To George Steinbrenner, loyalty and competitiveness were the two most important things in the world. He always wanted to win, for the city of New York. But at the same time, he would do these things at the expense of the employees, and sometimes the city, a point I brought up earlier. As far as the city was concerned, sometimes they were brought to their knees by Steinbrenner's unholy desire to win. During that stretch of 2002-2006, so many horrible free agents were brought in, we though Steinbrenner had gone mad. He was giving away top prospects left and right, and spending money freely. It wasn't until he relinquished control of the Yankees in 2006 where the Yankees drafted smarter and kept their young and picked up guys who they knew would succeed. In fact, one could argue that in 2009, the Yankees won the Series in spite of Steinbrenner's destruction of the team in the early 2000's.
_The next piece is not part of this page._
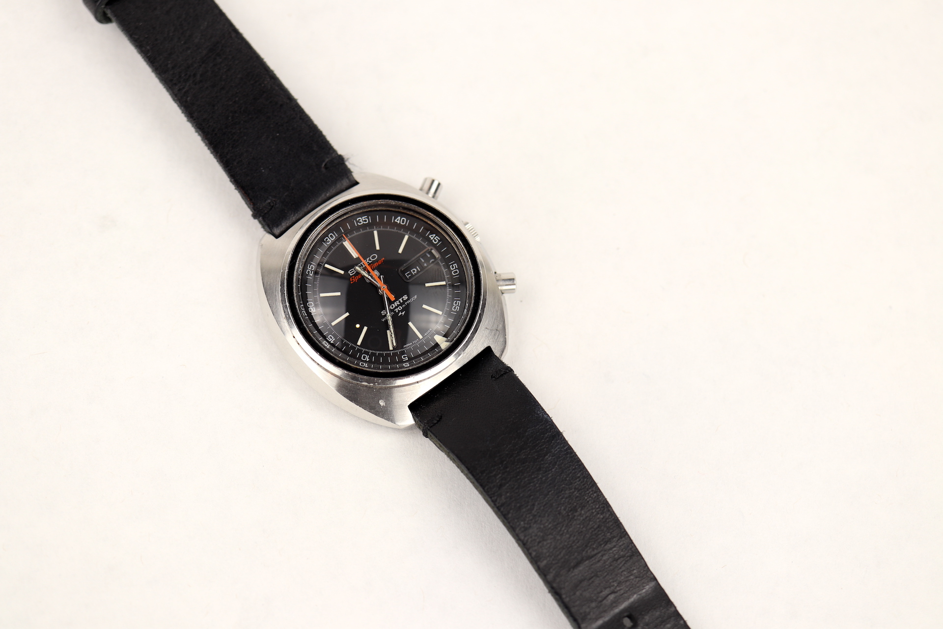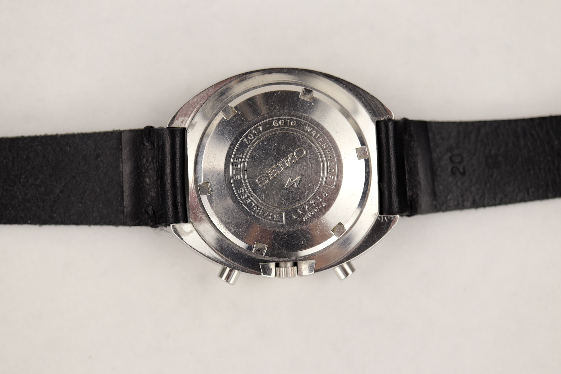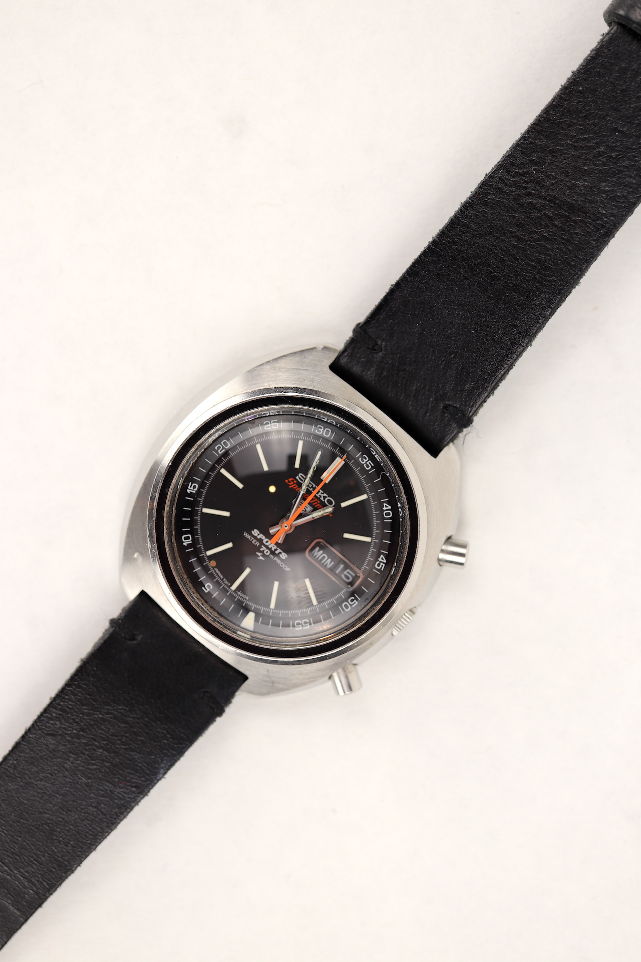 ·For sale, I have a Seiko 5 Sports Speedtimer 7017-6010 Chronograph Automatic. It has the Caliber 7017 which is an automatic movement. Watch has not been serviced while in my possession. It does work and keep time. Case measures 43mm. The watch comes on a leather strap.

Steinbrenner was the definition of an imperfect man. He cared for his family, whether that was his real family or his players. He wanted to win so badly, and loved the city of New York. He loved children and gave back to various charities. At the same time, he was a crazy person, to say the least, one absorbed with winning. Sure he did some bad things, but he made the Yankees in the most dominant sports franchise today. The YES Network has brought much of the Yankees revenue in, and is one of the smarter business decisions of the decade. Due to the luxury tax that baseball has, Steinbrenner has given money to the low-market clubs, keeping them a float. One of the quotes I read that is now extremely ironic, but sums up George's life and personality perfectly.
"I don't have heart attacks, I give them."
I remember George mainly by his character on Seinfeld. He was not around much when I first became a fan, so I now remember Steinbrenner by reruns and through syndication. "Hire this man!" Rest in peace, George.